1. Rimouski is a city in Quebec, located in the Bas-Saint-Laurent region. Please go to the climate

database of the Government of Canada (https://climate.weather.gc.ca/) and download the

monthly temperature series for Rimouski (with station name “Rimouski” and climate ID

7056480) from January 1954 to December 2016.

(a) Read in the data and create a time-series object for the monthly mean max temperature.

Plot the series against time (label your graph) and comment on any features of the data

that you observe.

In particular, address the following points:

• Does the series have a trend?

• Is the series stationary?

• Is there a seasonal variation? If so, what is the period of the seasonal effect?

• Would an additive or multiplicative model be more suitable to decompose the series?

Justify your answers.

(b) Are there any missing values in the series? If so, identify the year and month of all the

missing values. One commonly used imputation method is the LVCF (last value carried

forward), which imputes the missing data with the last observed value. Is it appropriate

to use the LVCF imputation method here? Justify your answer. If not, suggest an

adapted version of the LVCF method that would be appropriate to use here. Apply the

imputation to obtain a complete series.

(c) Create training and test datasets. The training dataset should include all observations

from the year 1954 to 2015. Use the observations of the year 2016 as the test set. You

can use the command window() on a ts object to split the data.

Using an additive model, decompose the (imputed) series into trend, seasonal, and error

components. Use both moving average smoothing (R function decompose()) and the

loess method (R function stl()). Plot both decompositions.

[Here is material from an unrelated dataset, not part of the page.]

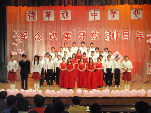 “改革魂 中华心”伟德国际1946bv官网纪念改革开放三十周年朗诵大赛决赛于11月20日晚成功落下帷幕。本次比赛旨在贯彻教育部、团中央“关于加强和改进高等学校校园文化建设”的精神,加强伟德官网的德育和美育工作,提升伟德官网学生的艺术鉴赏力、创造力,打造高层次、高品位、高文化含量的校园文化。大赛得到了同学们的广泛关注和积极参与,黄岛校区12个学院全部参加团体组角逐,共有150余位选手报名参加个人组比赛。参赛作品围绕“改革开放三十周年”这一主题,大力弘扬民族精神、爱国精神、时代精神;参赛作品中不乏伟德官网学生的原创诗歌作品。经过初赛、复赛的选拔,团体组共有10个学院进入决赛,个人组有8名选手进入决赛。
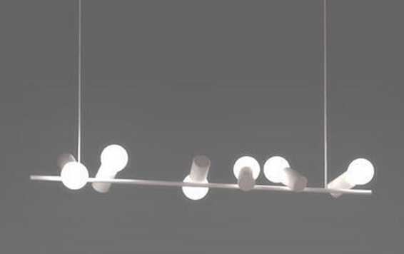 这是中国设计师刘知礼的作品“鸟”,他用了最普通的电木吊灯头,微微向上扬,然后装上白色的灯泡,似乎是一只小鸟站立的状态。有的像是在鸟笼里,有的像是停在了电线上,还有的像是聚集在一起。当多盏灯挂在一起时,能让光线也显得柔和。这一系列的亮点就在用最基本的材料和并不复杂的形态创造一种单纯却有想象空间的意境。

(d) Fit a linear model to the trend component (R function lm()) of the moving average

decomposition. Does the linear model provide evidence of a trend at the 95% confidence

level? Without doing any further analysis, would you use this trend component to

make predictions? Justify your answer using the linear model results and/or the trend

component plot.

(e) Predict the monthly mean max temperatures for the test dataset using the moving average decomposition. Compare your predictions under the following assumptions:

• There is a linear trend;

• There is no trend.

Compare your predictions with the test dataset graphically and compute the sample

mean squared prediction error (MSPE), defined as the average of the squared distances

between the predictions and observations in the test dataset. Which model has a smaller

MSPE?

(f) In time series analysis, it is often assumed that the error term follows a Gaussian white

noise process, i.e., Zt

i.i.d ∼ N (0, σ2

). Generate the correlogram and Q-Q plot of the error

component from the moving average decomposition, and discuss whether the Gaussian

white noise assumption is appropriate.

2. The file GSPC.csv contains 2527 daily closing prices of the Global S&P500 index spanning a

decade from January 2, 1985 until December 29, 1994.

(a) Create a time series object for the adjusted daily closing price of the S&P500 index and

plot it over time. Comment on the features, including stationarity, trend and seasonality.

(b) Transform the original series to daily log-returns by taking the logarithmic difference,

i.e., Xt = ln(St/St−1), where St denotes the adjusted daily closing price at time t. Plot

the daily log-returns over time and comment on the stationarity of the series. Why is it

more convenient to work with the daily log-return series?

(c) Generate the correlogram for both the daily log-return series {Xt} and the absolute value

of daily log-returns {|Xt

|}. Compare and comment on what you observe.